Molecular Hamiltonian learning from setpoint-dependent scanning tunneling spectroscopy

Abstract

Molecular quantum magnets adsorbed on surfaces exhibit rich spin and orbital excitations that can be probed by scanning tunneling microscopy with inelastic electron tunneling spectroscopy (STM-IETS). However, the quantitative extraction of the underlying multiorbital Hamiltonian from experimental spectra remains a fundamental challenge. Here, we introduce molecular Hamiltonian learning, a machine learning strategy that infers the microscopic Hamiltonian parameters of a single adsorbed molecule directly from the setpoint-dependence of STM-IETS data. The method leverages the systematic evolution of spectral features as the STM tip tunes the local electrostatic environment for different tip-sample distances. We demonstrate this approach on iron phthalocyanine on ferroelectric SnTe, training our algorithm on theory spectra from a realistic multiorbital model, including spin-orbit coupling, electrostatic interactions, local crystal field, and substrate effects. The algorithm, trained solely on theoretical many-body simulations, allows reconstructing Hamiltonian parameters directly from experimental spectra. Our manuscript establishes a flexible and automated strategy for Hamiltonian reconstruction from STM-IETS, transforming setpoint-dependent spectroscopy into quantitative characterization of quantum materials at the atomic scale.
Paper Structure (10 equations, 4 figures)
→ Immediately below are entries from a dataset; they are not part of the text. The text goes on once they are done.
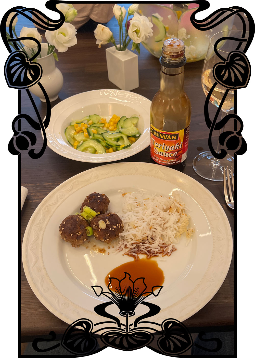 Fleischbällchen mit der restlichen Teriyaki-Sauce beträufeln und mit Sesam und den Frühlingszwiebeln bestreuen.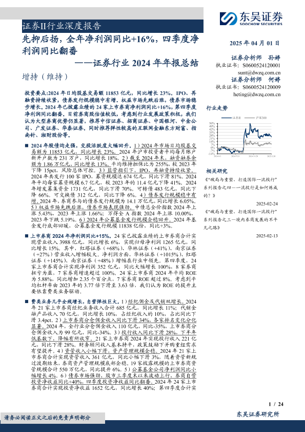 【东吴证券】【20250401】证券Ⅱ行业深度报告:证券行业2024年年报总结-24页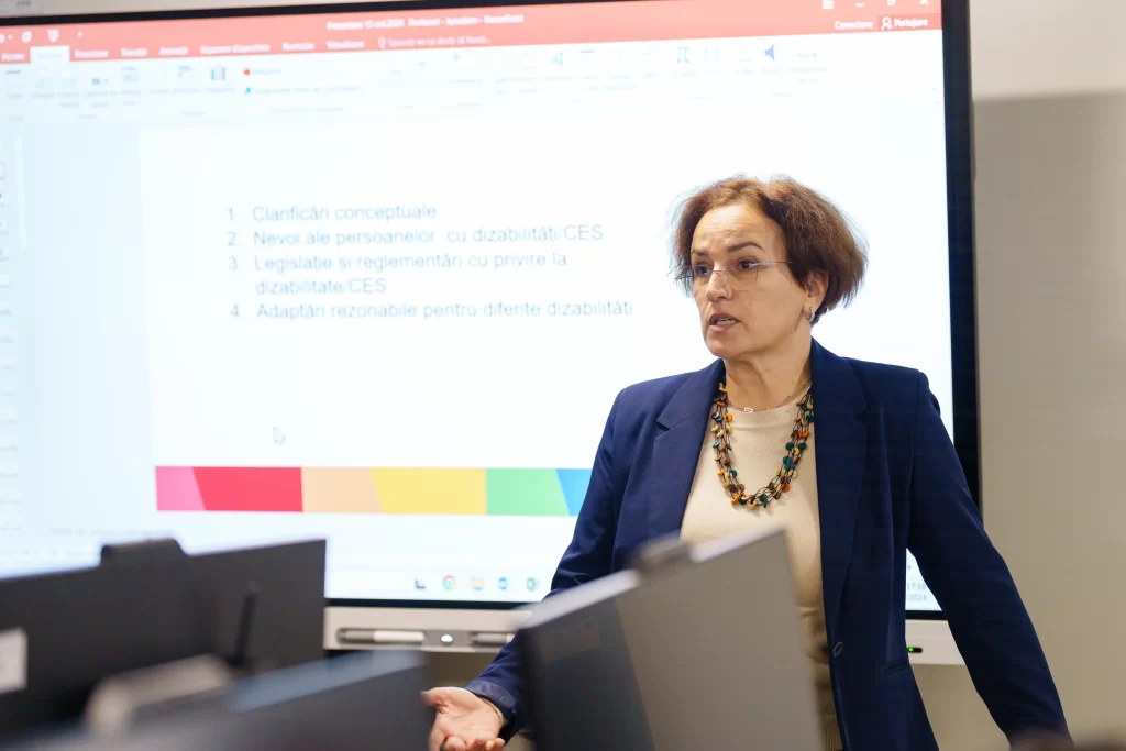 Ca parte a demersurilor de a crea un mediu academic incluziv, Universitatea din București a organizat, în cadrul proiectului „Ecosistem digital pentru învățare sustenabilă la Universitatea din București – EDIS-UB”, o sesiune de formare cu privire la abordările educaționale în activitățile academice pentru studenții cu dizabilități și cerințe educaționale speciale (CES).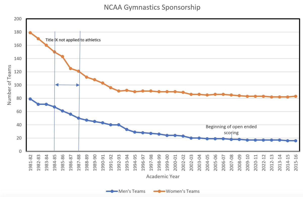 A graphic from @OnoNoKomachi1 compiled the rate of decline in gymnastics which demonstrated a similar trend. The fall of men’s gymnastics continued through the four-year gap and the rate of decline didn’t begin to slow down until Title IX’s restoration to applying to college athletics.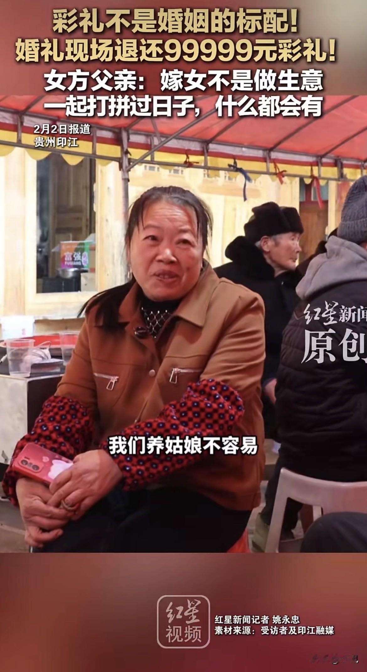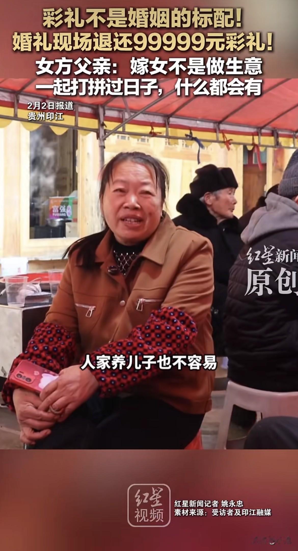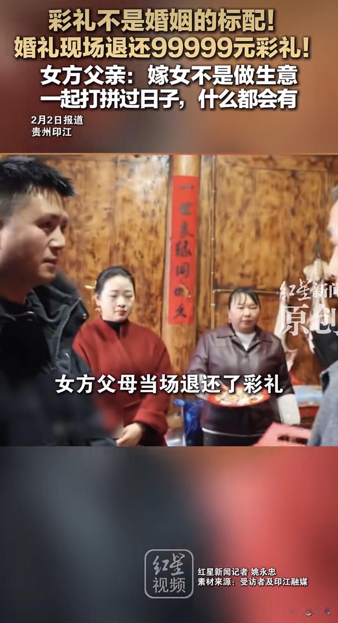 婚礼现场岳父反手一个“回手掏”,近十万彩礼当场退回女婿口袋。 在贵州印江的一场婚礼上,新郎李茂森自己准备了99999元,取个“久久久久久”的好意头,还特意加了1块钱“裱”起来,礼数做得很足。他心里估摸着这关怎么也得过。可谁能想到,仪式上岳父陈学钊接过那个大红礼盒,摸了摸,转手又稳稳地塞回他怀里。小伙子当时脑子有点空,紧接着心里头就涌上一股热乎劲儿,除了感动不知道说啥好。 其实新娘陈连芳对这场面一点不意外。因为她姐几年前出嫁,爸妈也是这么干的,彩礼原封不动退回去。所以她结婚前就跟老公打过招呼:“你看着办,反正我爸肯定要退。” 她爸陈学钊是个地道农民,话不多,但心里有杆秤。他总说“女儿嫁出去,是希望女儿吃上饭,而不是做生意”。这话有来由。他自己结婚那会儿,真是一无所有,但岳父岳母没为难他,就看中他这个人实在。这份情,他记了大半辈子。现在自己当岳父了,他说得更直白:“作为父母,没有能力去帮助(女儿),但至少不能给压力。” 他说的压力,就是怕亲家为了凑彩礼去借钱,这债兜兜转转,最后还得小两口来扛。 这家人做事,不是光退一步就完了,还进一步。退了小十万的彩礼,转头又给女儿准备了嫁妆,加上按当地“压箱底”风俗给的“启动资金”,总共值六万块钱。这一退一给,意思再明白不过:我们不是要你的钱,我们是真心实意盼着你们这个小家能起步,能过好。 新娘妈妈李正平的话更接地气,她讲:“养女儿不易,养儿子也不易,开亲就是一家。” 她觉得,婚姻是两个人合伙过日子,不是买卖。 村里干部也说了,这家人是实实在在的榜样。其实他们当地早就提倡“零彩礼”或者彩礼不超过六万。陈学钊家不仅做到了,还做得特别彻底,两次嫁女,次次如此。来喝喜酒的乡亲们私下都议论,说这家人做事“通透”,给儿女减了负,也给心里松了绑。 一场婚礼,像一面镜子,照出了一家人的处事和心肠。父亲话不多,但担当沉甸甸的;母亲道理普通,但智慧都在里头。他们没留下彩礼,却给了女儿女婿一份更厚重的“启动资金”——那是一份体谅,一份祝福,还有一个关于“家和万事兴”的最朴素的理。 对这个事你怎么看?如果你是当事人,会怎么处理彩礼这道题?

This paper contains 10 equations, 4 figures.

Figures (4)

  • Figure 1: (a) STM measurement principle: varying the tip–molecule distance $z$ via the setpoint current tunes the local electrostatic environment and orbital energies. (b) Evolution of simulated d$I$/d$V$ spectra with decreasing $z$ (c) Scheme of Hamiltonian learning methodology.
  • Figure 2: (a) Schematic side view: a FePc molecule adsorbed on SnTe. (b) Top view of FePc and crystal field splitting of the $3d$ orbitals. The ferroelectric substrate polarization $\mathbf{P}$ induces a rectangular distortion of the ligand-field symmetry.
  • Figure 3: Representative theoretical spectrum: d$^2I$/d$V^2$ (a) and its cumulative integral d$I$/d$V$ (b), with the central bias window ($\pm 3$ meV) set to zero. The integrated dynamical correlator serves as input to the ML model. (c) Test set d$I$/d$V$ spectrum (gray) with added Gaussian noise ($W=5\%$, colored) used as network input. (d) Reconstructed d$I$/d$V$ obtained from the Hamiltonian parameters predicted by the network for the noisy input in (c); predicted values are indicated. (e) The fidelity $\mathcal{F}$ for Hamiltonian parameters ($\tau$, $\lambda_{\mathrm{SOC}}$, $\varepsilon_{\mathrm{min}}$, $\varepsilon_{\mathrm{max}}$) as a function of noise $W$.
  • Figure 4: (a) Experimental $d^2I/dV^2$ spectrum of a single FePc molecule on SnTe. The derivative is obtained numerically from the measured d$I$/d$V$ signal. (b) Reconstructed dynamical correlator from the Hamiltonian parameters predicted by the model from the input in (a). (c) Orbital-conserving spin-flip and (d) orbital cotunneling channel contributions to the total reconstructed excitation spectrum.